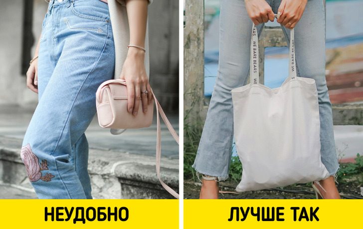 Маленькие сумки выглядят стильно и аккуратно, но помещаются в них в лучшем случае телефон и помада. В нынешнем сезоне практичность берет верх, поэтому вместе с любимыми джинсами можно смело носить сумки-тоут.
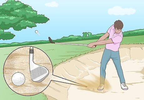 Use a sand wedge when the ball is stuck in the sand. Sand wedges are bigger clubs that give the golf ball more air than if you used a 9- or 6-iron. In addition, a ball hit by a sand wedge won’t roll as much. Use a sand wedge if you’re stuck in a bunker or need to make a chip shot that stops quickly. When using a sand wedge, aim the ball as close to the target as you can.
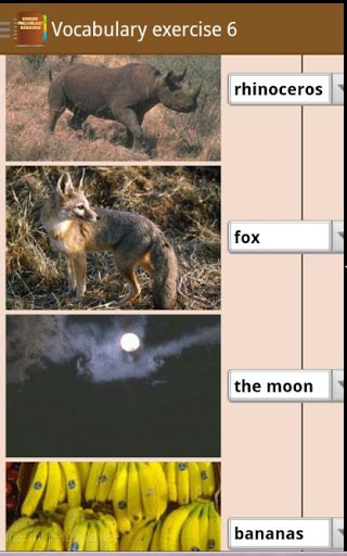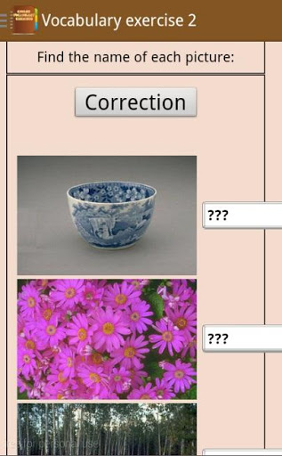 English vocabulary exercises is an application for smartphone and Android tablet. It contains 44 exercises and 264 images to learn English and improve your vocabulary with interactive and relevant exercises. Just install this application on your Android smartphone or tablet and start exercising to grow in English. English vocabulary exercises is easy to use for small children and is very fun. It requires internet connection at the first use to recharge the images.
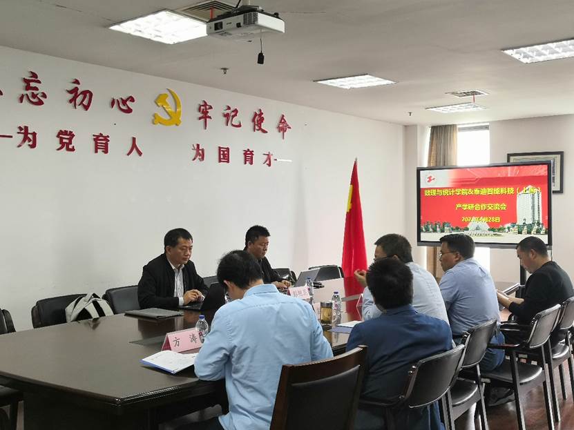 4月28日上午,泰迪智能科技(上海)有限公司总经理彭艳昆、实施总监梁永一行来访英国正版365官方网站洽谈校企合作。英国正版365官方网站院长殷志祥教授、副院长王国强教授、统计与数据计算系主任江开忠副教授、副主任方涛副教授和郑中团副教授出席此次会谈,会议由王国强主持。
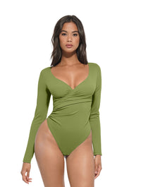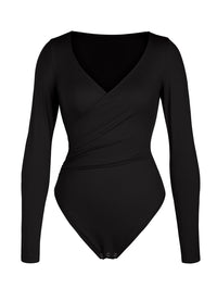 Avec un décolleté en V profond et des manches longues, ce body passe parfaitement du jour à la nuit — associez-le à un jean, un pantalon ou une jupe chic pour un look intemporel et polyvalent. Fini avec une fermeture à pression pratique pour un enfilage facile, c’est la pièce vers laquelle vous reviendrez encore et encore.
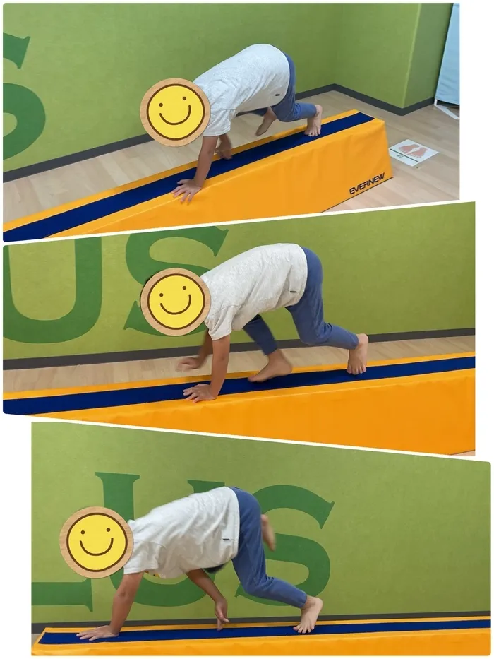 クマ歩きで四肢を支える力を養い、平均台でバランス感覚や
☆ ☆ ☆
*WHAT IS BEING ASKED:*
Omit every picture while transcribing the records above exactly.

*ANSWER TO THIS PROBLEM:*
 Маленькие сумки выглядят стильно и аккуратно, но помещаются в них в лучшем случае телефон и помада. В нынешнем сезоне практичность берет верх, поэтому вместе с любимыми джинсами можно смело носить сумки-тоут.
 Use a sand wedge when the ball is stuck in the sand. Sand wedges are bigger clubs that give the golf ball more air than if you used a 9- or 6-iron. In addition, a ball hit by a sand wedge won’t roll as much. Use a sand wedge if you’re stuck in a bunker or need to make a chip shot that stops quickly. When using a sand wedge, aim the ball as close to the target as you can.
 English vocabulary exercises is an application for smartphone and Android tablet. It contains 44 exercises and 264 images to learn English and improve your vocabulary with interactive and relevant exercises. Just install this application on your Android smartphone or tablet and start exercising to grow in English. English vocabulary exercises is easy to use for small children and is very fun. It requires internet connection at the first use to recharge the images.
 4月28日上午,泰迪智能科技(上海)有限公司总经理彭艳昆、实施总监梁永一行来访英国正版365官方网站洽谈校企合作。英国正版365官方网站院长殷志祥教授、副院长王国强教授、统计与数据计算系主任江开忠副教授、副主任方涛副教授和郑中团副教授出席此次会谈,会议由王国强主持。
 Avec un décolleté en V profond et des manches longues, ce body passe parfaitement du jour à la nuit — associez-le à un jean, un pantalon ou une jupe chic pour un look intemporel et polyvalent. Fini avec une fermeture à pression pratique pour un enfilage facile, c’est la pièce vers laquelle vous reviendrez encore et encore.
 クマ歩きで四肢を支える力を養い、平均台でバランス感覚や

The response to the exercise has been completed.